(Source records)
:::

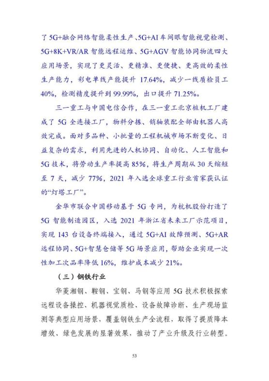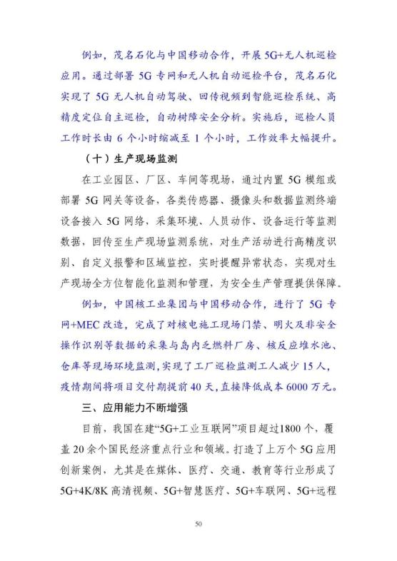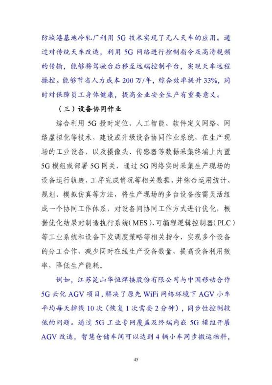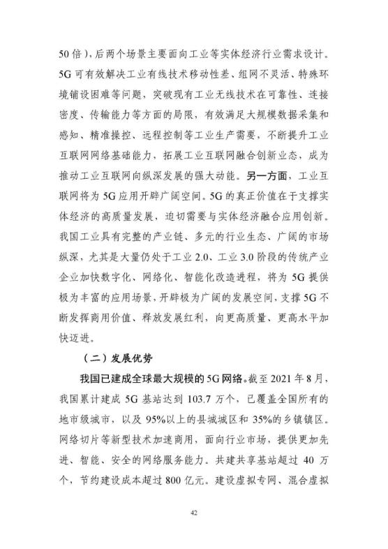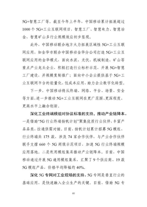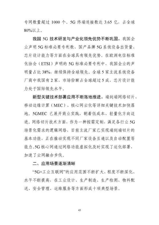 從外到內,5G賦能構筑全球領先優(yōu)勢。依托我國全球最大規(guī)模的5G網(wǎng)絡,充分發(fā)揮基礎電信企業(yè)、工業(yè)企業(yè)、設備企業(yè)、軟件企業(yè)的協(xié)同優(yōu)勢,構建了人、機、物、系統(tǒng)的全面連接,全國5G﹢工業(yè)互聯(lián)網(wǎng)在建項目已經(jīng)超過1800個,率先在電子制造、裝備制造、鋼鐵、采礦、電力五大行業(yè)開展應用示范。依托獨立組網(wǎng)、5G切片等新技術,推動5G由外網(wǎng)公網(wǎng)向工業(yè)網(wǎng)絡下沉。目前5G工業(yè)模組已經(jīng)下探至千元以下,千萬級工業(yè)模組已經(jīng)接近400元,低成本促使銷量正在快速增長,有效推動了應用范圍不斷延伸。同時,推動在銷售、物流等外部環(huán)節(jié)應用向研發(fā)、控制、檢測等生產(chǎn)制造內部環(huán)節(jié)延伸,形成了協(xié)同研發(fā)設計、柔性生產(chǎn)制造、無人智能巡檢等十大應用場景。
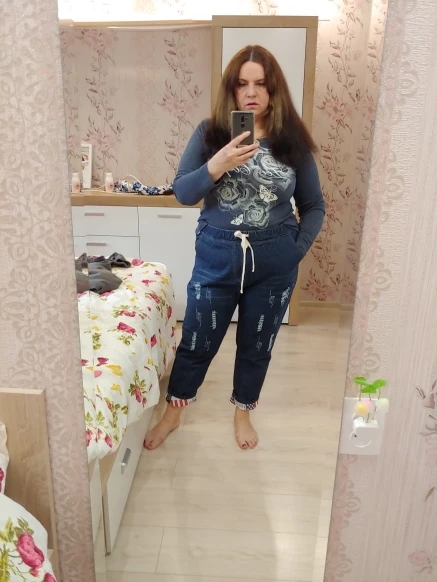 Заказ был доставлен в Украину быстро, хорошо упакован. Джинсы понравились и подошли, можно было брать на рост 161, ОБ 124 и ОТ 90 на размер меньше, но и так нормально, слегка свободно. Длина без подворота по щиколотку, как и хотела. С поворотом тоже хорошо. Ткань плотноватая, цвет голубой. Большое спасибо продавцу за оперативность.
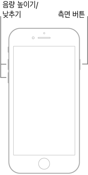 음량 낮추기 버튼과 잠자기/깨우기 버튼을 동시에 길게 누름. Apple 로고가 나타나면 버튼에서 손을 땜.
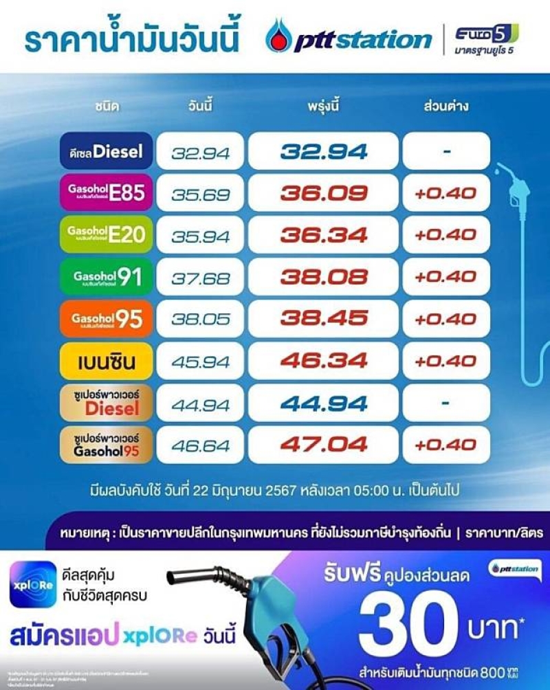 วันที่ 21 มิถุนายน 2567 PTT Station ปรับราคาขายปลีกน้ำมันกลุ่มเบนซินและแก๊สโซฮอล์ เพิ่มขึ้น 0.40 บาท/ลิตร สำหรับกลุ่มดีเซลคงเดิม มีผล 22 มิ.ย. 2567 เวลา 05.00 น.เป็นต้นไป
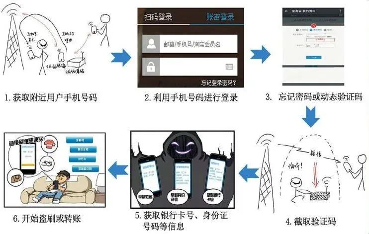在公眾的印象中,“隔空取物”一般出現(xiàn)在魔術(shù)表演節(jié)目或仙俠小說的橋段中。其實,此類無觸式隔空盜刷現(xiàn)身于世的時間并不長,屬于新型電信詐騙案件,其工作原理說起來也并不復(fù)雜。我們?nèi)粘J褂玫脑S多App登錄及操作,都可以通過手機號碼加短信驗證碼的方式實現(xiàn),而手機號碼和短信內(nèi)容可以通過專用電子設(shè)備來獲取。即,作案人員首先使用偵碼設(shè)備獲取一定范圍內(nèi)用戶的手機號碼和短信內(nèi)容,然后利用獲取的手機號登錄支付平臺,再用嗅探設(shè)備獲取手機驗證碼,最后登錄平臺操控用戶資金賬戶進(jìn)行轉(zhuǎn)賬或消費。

:::

EXERCISE INSTRUCTIONS
The answer should contain only the lines from the start of the records above through the line with "วันที่ 21 มิถุนายน", copied exactly, and no pictures.

TASK ANSWER
 從外到內,5G賦能構筑全球領先優(yōu)勢。依托我國全球最大規(guī)模的5G網(wǎng)絡,充分發(fā)揮基礎電信企業(yè)、工業(yè)企業(yè)、設備企業(yè)、軟件企業(yè)的協(xié)同優(yōu)勢,構建了人、機、物、系統(tǒng)的全面連接,全國5G﹢工業(yè)互聯(lián)網(wǎng)在建項目已經(jīng)超過1800個,率先在電子制造、裝備制造、鋼鐵、采礦、電力五大行業(yè)開展應用示范。依托獨立組網(wǎng)、5G切片等新技術,推動5G由外網(wǎng)公網(wǎng)向工業(yè)網(wǎng)絡下沉。目前5G工業(yè)模組已經(jīng)下探至千元以下,千萬級工業(yè)模組已經(jīng)接近400元,低成本促使銷量正在快速增長,有效推動了應用范圍不斷延伸。同時,推動在銷售、物流等外部環(huán)節(jié)應用向研發(fā)、控制、檢測等生產(chǎn)制造內部環(huán)節(jié)延伸,形成了協(xié)同研發(fā)設計、柔性生產(chǎn)制造、無人智能巡檢等十大應用場景。
 Заказ был доставлен в Украину быстро, хорошо упакован. Джинсы понравились и подошли, можно было брать на рост 161, ОБ 124 и ОТ 90 на размер меньше, но и так нормально, слегка свободно. Длина без подворота по щиколотку, как и хотела. С поворотом тоже хорошо. Ткань плотноватая, цвет голубой. Большое спасибо продавцу за оперативность.
 음량 낮추기 버튼과 잠자기/깨우기 버튼을 동시에 길게 누름. Apple 로고가 나타나면 버튼에서 손을 땜.
 วันที่ 21 มิถุนายน 2567 PTT Station ปรับราคาขายปลีกน้ำมันกลุ่มเบนซินและแก๊สโซฮอล์ เพิ่มขึ้น 0.40 บาท/ลิตร สำหรับกลุ่มดีเซลคงเดิม มีผล 22 มิ.ย. 2567 เวลา 05.00 น.เป็นต้นไป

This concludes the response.